Гавриил Державин
 

Н.Д. Блудилина. «Г.Р. Державин и Л.Н. Толстой»

Интерес к эпохе Просвещения и выразителям ее духа неизменен на протяжении всего творчества Л.Н. Толстого, воспитанного на сочинениях мыслителей XVIII в., чьи идеи оказали существенное влияние на формирование его мировоззрения. Так же не оставалось вне пристального внимания писателя творчество и сама личность Г.Р. Державина. Начиная с самых первых произведений и заканчивая последними замыслами Толстого, в них неизменно присутствует фигура Державина как яркого представителя своего времени и даже символа ушедшей эпохи.
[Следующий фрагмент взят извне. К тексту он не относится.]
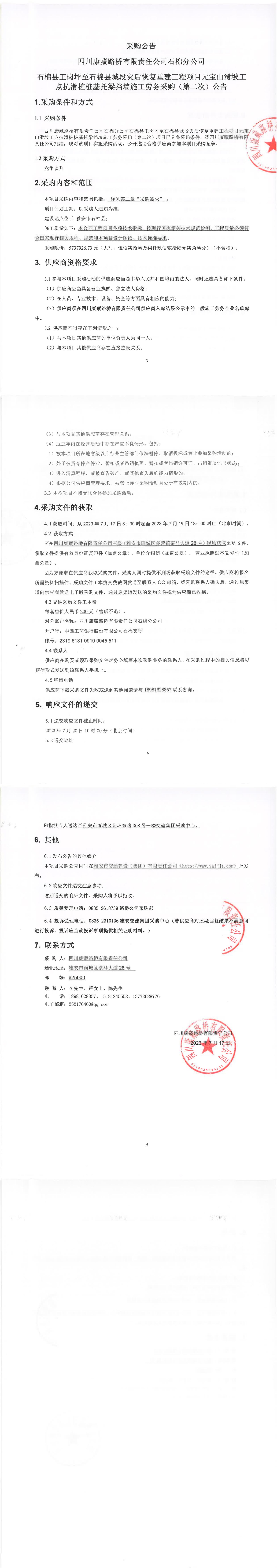 四川康藏路橋有限責(zé)任公司石棉分公司石棉縣王崗坪至石棉縣城段災(zāi)后恢復(fù)重建工程項(xiàng)目元寶山滑坡工點(diǎn)抗滑樁樁基托梁擋墻施工勞務(wù)采購(gòu)(第二次)公告
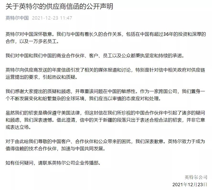 今天intel就求饶了,说我们不是想对新疆说啥,只是不这么说就不合美国法律,其实这句话一点意义都没有。
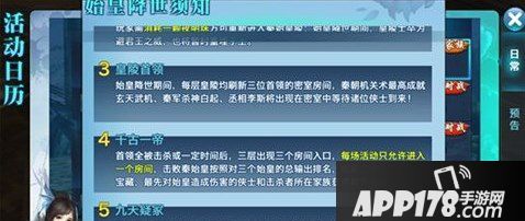 始皇降临于每周四、周日22:00开启,先同步在秦始皇陵不同的区域出现玄天武机、李斯、白起各三个BOSS,然后再出现三个终极BOSS秦始皇。多数少侠以家族为团体参与,击杀BOSS后一定程度的随机获取黄金装备图谱、同伴、魂石、帝皇令、和氏璧等稀有资源,参与的家族根据获取资源的多数分享最后的成果。
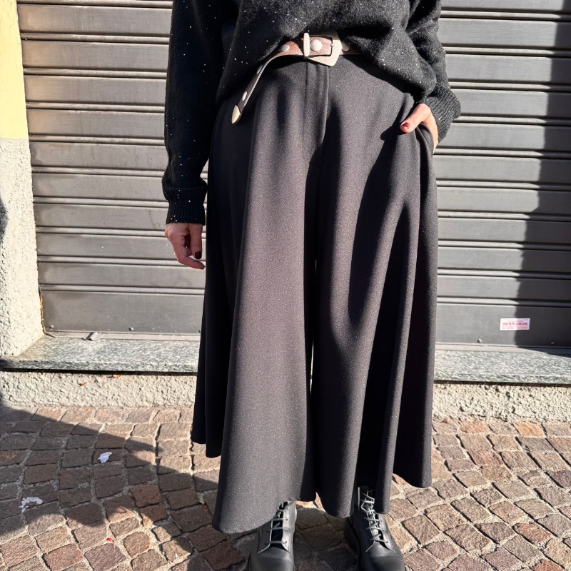 Pantalone a gamba larga con cavallo leggermente sceso, tasche laterali, accessorio incluso
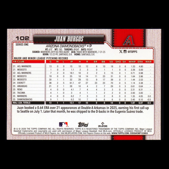 Juan Burgos RC 2026 Topps Rookie Diamondbacks
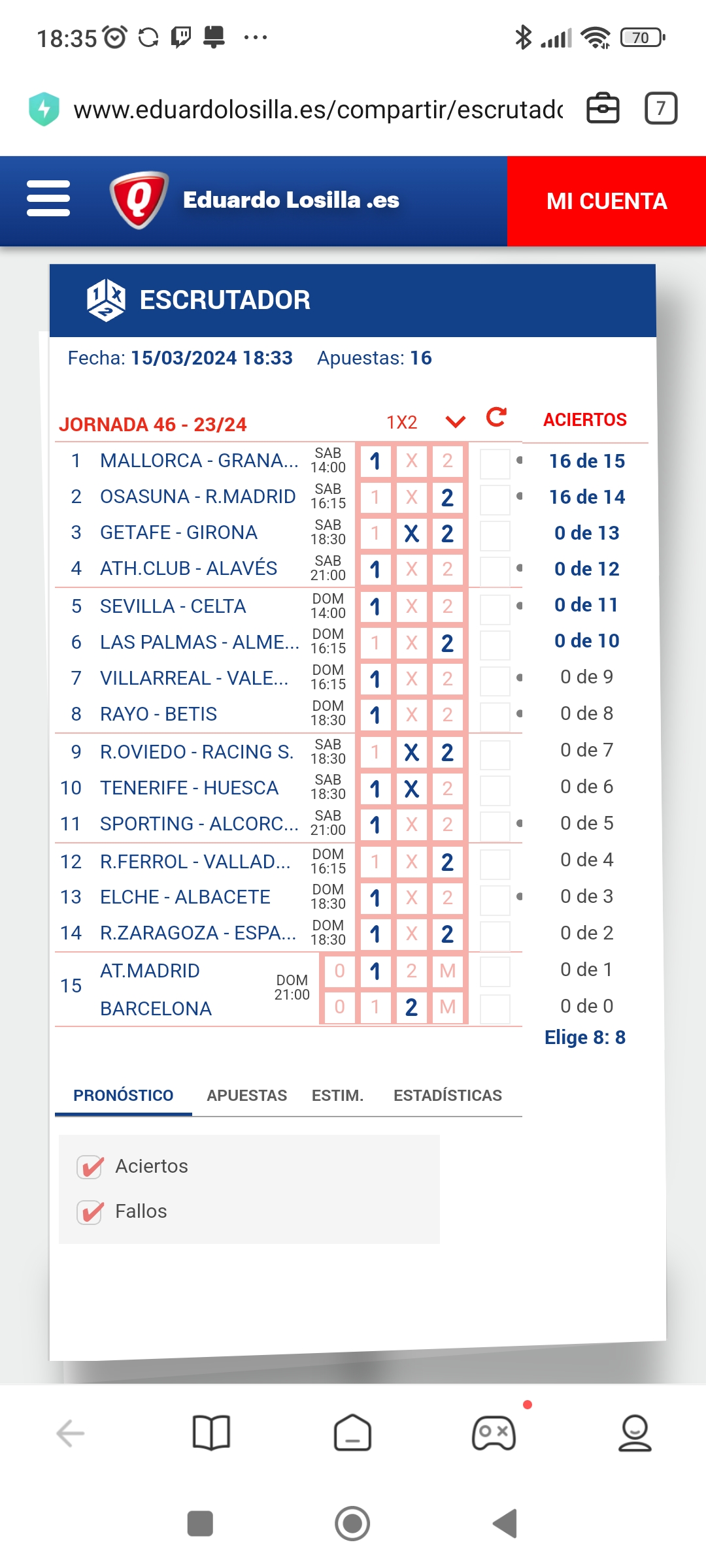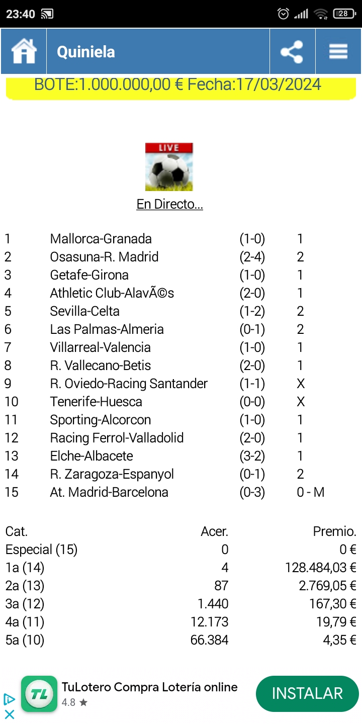 Resultados en directo de la quiniela correspondiente a la jornada 46, con partidos de La Liga y Segunda División.
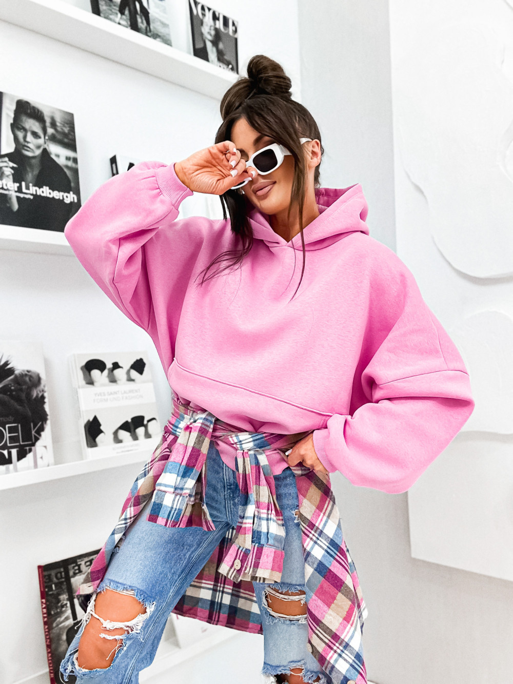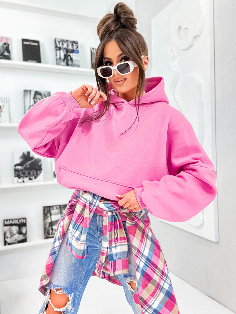 Różowa bawełniana bluza z kapturem w klasycznym wydaniu to must-have w damskiej szafie, który zapewnia wygodę i modny wygląd. Dopasowany fason podkreśla sylwetkę i oferuje pełen komfort na co dzień. Klasyczna bluza bawełniana świetnie pasuje do jeansów i uzupełnia sportowe zestawy.
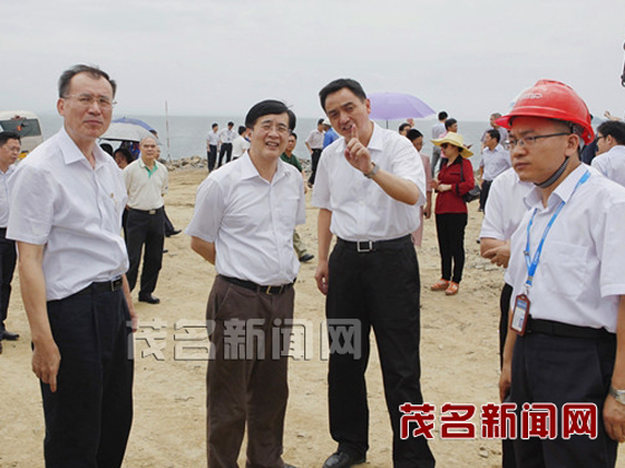 (圖為許光、李紅軍等領(lǐng)導(dǎo)了解博賀新港東防波堤建設(shè)情況)
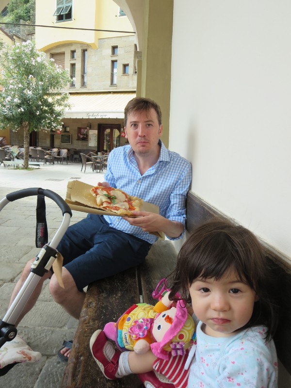 13:08:06 | 13:34:21 The little street which led to our hotel. | 13:34:51 Our local church. | 13:54:46 We got lunch from "La Cantina" - the Ligurian equivalent of a fish and chip shop. |
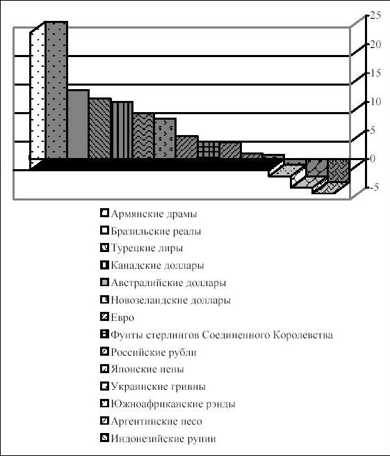 Рис. 2. Обменный курс доллара с 9 декабря 2006 г. по 7 августа 2007 г., %
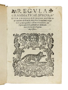 Fonticolano Biagio Pico, Regula grammaticae speculativae excellentissimi artium & medicinae... Al colophon: (Venetijs: sumptu & requisitione domini Melchioris Sessae, 1539 mense Aprilis).

Для Толстого, вне сомнений, Державин являлся классиком русской литературы, на творчестве которого воспитывалось несколько поколений русского дворянства. В повести «Детство» юный Николенька, сочиняющий стихи, в поисках образцов обращается к поэзии И.И. Дмитриева и Г.Р. Державина: «Против моего ожидания, оказалось, что кроме двух стихов, придуманных мною сгоряча, я, несмотря на все усилия, ничего дальше не мог сочинить. Я стал читать стихи, которые были в наших книгах, но ни Дмитриев, ни Державин не помогли мне; напротив, они еще более убедили меня в моей неспособности»1. Князь Иван Иванович, когда ему показали стихи героя, одобрительно замечает: «Почем знать, ma cousine, может быть, это будет другой Державин» (1, 55).

Можно отметить и небольшую деталь из текста романа «Война и мир»: торжественное чествование Багратиона в английском клубе начинается под хоровую песню, сочиненную Державиным — «Гром победы раздавайся, веселися, храбрый росс»2.

В 1878 г., собирая материалы к роману «Декабристы», Толстой отметил в записной книжке: «1816. В России литературное. Знаменитые живые писатели: Карамзин, Державин, Дмитриев, Батюшков, В. Пушкин, Хвостов, Шишков, Нелединский, Кутузов, Дашков» (17, 459). Этот перечень заимствован из письма А.Д. Илличевского, товарища А.С. Пушкина по лицею, к П.Н. Руссу от 20 марта 1816 г., где он писал: «... в лицее видел я Дмитриева, Державина, Жуковского, Батюшкова, Василия Пушкина и Хвостова; еще забыл: Нелединского, Кутузова,

Дашкова»3. Толстой из названных в письме писателей не включил в свой список Жуковского и прибавил Карамзина и Шишкова.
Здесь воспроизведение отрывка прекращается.